Line by line, repeat the data below exactly, beginning at the first line and ending at the line with "Beauteous Ball Gowns". Omit pictures.

* _Collected data_
+++

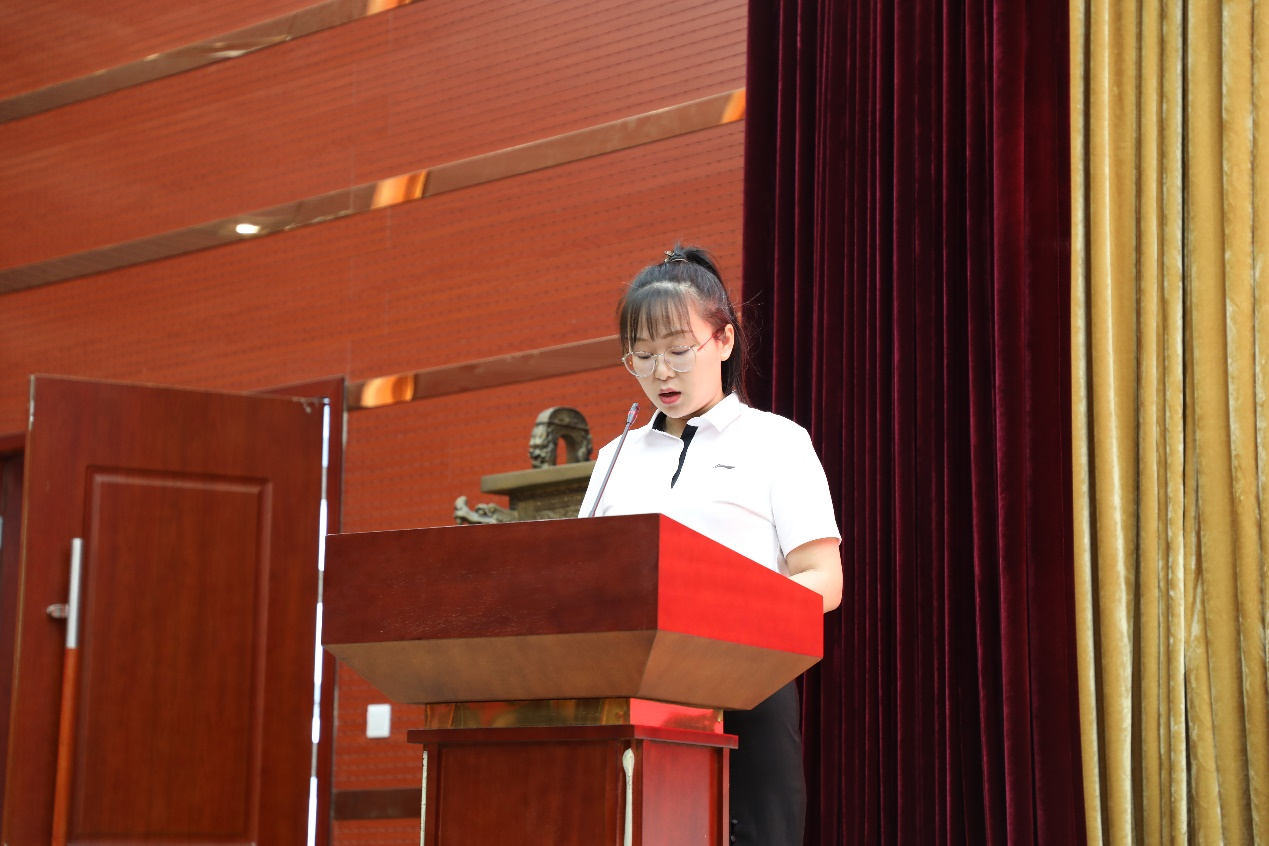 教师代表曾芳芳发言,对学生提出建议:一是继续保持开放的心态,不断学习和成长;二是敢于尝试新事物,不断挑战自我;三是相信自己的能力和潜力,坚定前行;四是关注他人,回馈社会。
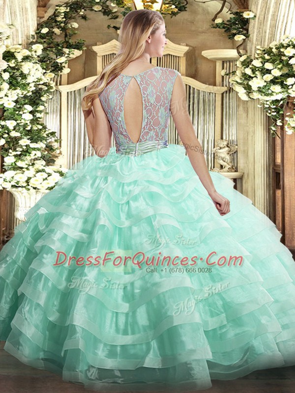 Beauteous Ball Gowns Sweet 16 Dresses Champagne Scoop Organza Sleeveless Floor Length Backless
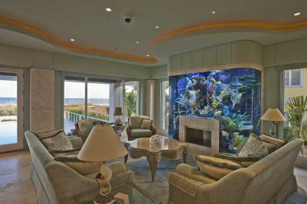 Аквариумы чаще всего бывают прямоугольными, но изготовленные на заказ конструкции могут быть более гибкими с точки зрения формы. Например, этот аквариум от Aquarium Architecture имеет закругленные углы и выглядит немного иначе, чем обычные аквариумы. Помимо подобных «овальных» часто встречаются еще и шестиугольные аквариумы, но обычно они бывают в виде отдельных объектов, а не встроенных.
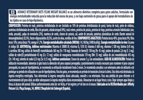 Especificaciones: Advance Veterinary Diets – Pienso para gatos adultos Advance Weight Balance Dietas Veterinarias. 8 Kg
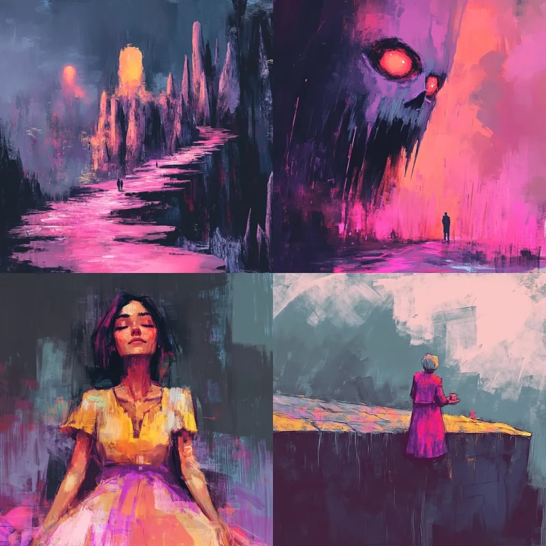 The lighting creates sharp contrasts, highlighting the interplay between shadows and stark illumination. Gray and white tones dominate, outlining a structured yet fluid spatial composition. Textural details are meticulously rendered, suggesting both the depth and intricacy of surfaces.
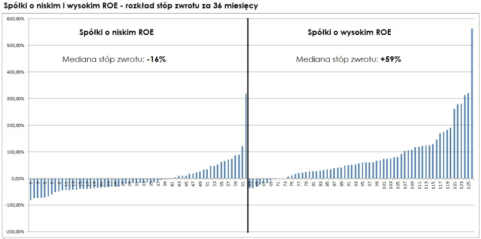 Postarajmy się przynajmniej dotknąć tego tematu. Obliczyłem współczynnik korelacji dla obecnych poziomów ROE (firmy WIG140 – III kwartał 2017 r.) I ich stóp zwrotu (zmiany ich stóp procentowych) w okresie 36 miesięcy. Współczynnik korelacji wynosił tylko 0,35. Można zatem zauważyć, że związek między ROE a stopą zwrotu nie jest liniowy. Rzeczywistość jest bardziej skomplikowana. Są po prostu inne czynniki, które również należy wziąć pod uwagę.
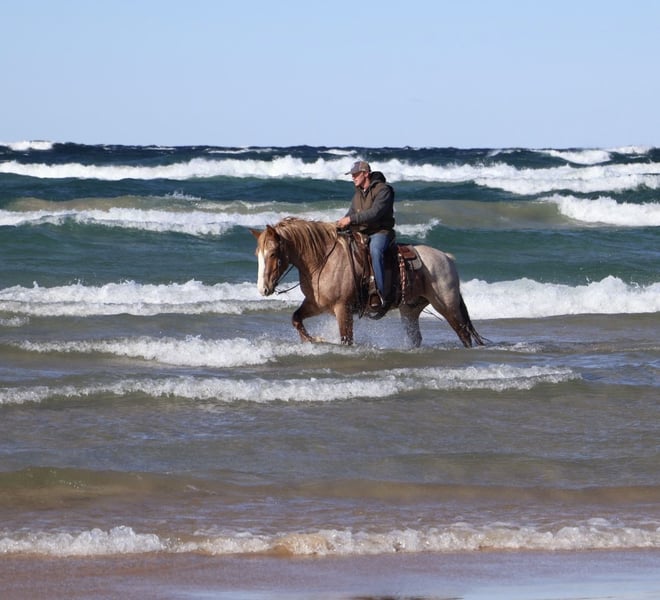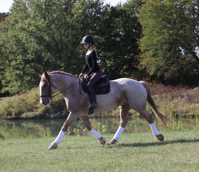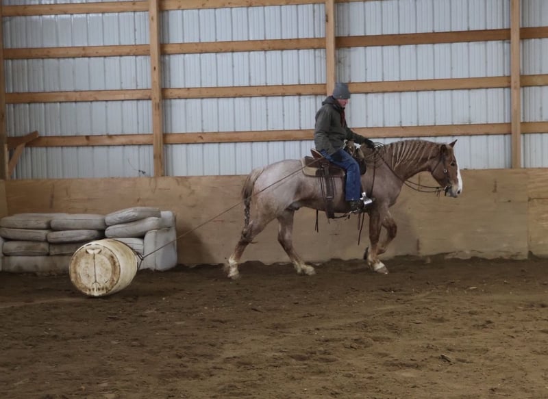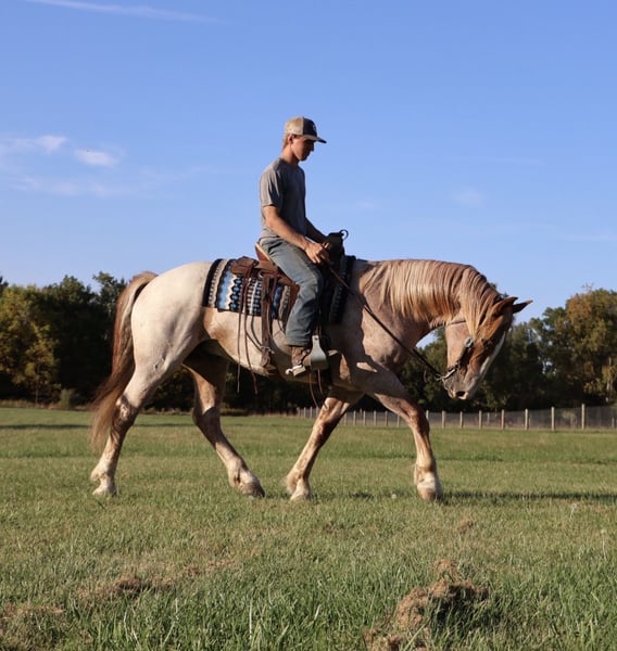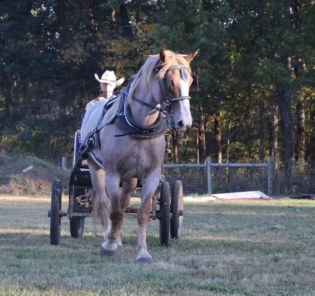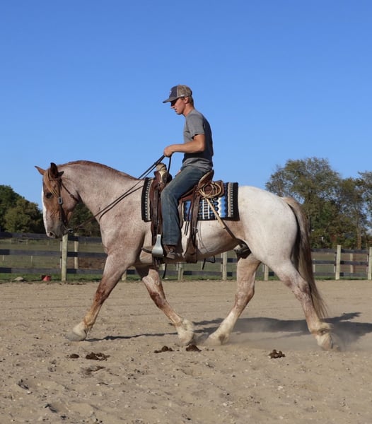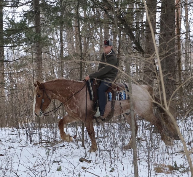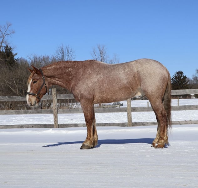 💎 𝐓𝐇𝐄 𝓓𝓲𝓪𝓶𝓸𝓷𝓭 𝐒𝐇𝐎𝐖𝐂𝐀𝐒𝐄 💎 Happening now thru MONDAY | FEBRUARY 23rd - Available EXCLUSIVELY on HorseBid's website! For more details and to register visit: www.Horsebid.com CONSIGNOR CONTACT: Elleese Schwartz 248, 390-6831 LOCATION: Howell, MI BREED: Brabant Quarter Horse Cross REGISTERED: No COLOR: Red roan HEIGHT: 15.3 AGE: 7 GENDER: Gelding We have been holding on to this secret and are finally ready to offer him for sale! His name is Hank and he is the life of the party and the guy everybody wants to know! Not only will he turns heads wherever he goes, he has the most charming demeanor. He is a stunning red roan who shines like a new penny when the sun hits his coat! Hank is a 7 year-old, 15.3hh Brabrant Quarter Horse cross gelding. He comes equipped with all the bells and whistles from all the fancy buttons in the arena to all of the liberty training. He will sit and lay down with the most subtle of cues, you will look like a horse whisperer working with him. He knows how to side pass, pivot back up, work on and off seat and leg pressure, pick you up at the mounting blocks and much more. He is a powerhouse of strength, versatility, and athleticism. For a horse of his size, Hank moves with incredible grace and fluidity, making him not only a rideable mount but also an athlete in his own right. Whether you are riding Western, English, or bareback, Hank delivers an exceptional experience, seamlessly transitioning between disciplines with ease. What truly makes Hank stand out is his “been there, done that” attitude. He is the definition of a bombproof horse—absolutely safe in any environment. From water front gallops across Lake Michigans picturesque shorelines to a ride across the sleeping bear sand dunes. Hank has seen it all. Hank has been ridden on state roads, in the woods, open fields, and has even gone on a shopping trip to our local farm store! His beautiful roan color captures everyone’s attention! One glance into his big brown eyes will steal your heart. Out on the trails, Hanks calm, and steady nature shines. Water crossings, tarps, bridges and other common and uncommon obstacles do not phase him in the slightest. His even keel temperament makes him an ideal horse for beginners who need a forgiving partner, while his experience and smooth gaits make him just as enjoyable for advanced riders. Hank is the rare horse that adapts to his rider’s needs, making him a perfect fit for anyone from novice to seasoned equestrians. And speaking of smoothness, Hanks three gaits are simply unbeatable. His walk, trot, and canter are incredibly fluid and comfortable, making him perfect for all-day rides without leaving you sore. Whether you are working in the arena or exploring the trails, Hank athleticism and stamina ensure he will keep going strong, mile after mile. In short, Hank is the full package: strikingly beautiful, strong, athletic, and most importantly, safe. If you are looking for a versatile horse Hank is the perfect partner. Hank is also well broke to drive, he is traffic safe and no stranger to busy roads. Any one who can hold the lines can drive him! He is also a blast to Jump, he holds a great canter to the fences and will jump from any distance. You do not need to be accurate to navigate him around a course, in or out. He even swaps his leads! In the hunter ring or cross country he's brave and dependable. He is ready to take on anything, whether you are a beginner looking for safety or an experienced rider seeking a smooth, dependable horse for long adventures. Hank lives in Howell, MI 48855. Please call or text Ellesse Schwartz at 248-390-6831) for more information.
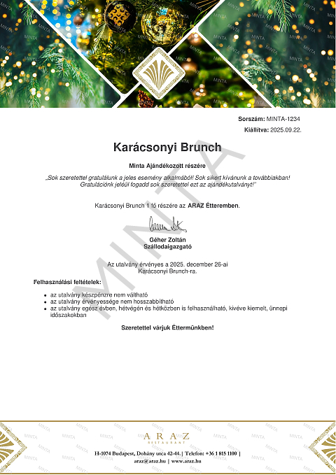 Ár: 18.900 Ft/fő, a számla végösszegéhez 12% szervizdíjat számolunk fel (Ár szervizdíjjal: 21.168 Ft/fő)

+++

* _Exercise result_
 教师代表曾芳芳发言,对学生提出建议:一是继续保持开放的心态,不断学习和成长;二是敢于尝试新事物,不断挑战自我;三是相信自己的能力和潜力,坚定前行;四是关注他人,回馈社会。
 Beauteous Ball Gowns Sweet 16 Dresses Champagne Scoop Organza Sleeveless Floor Length Backless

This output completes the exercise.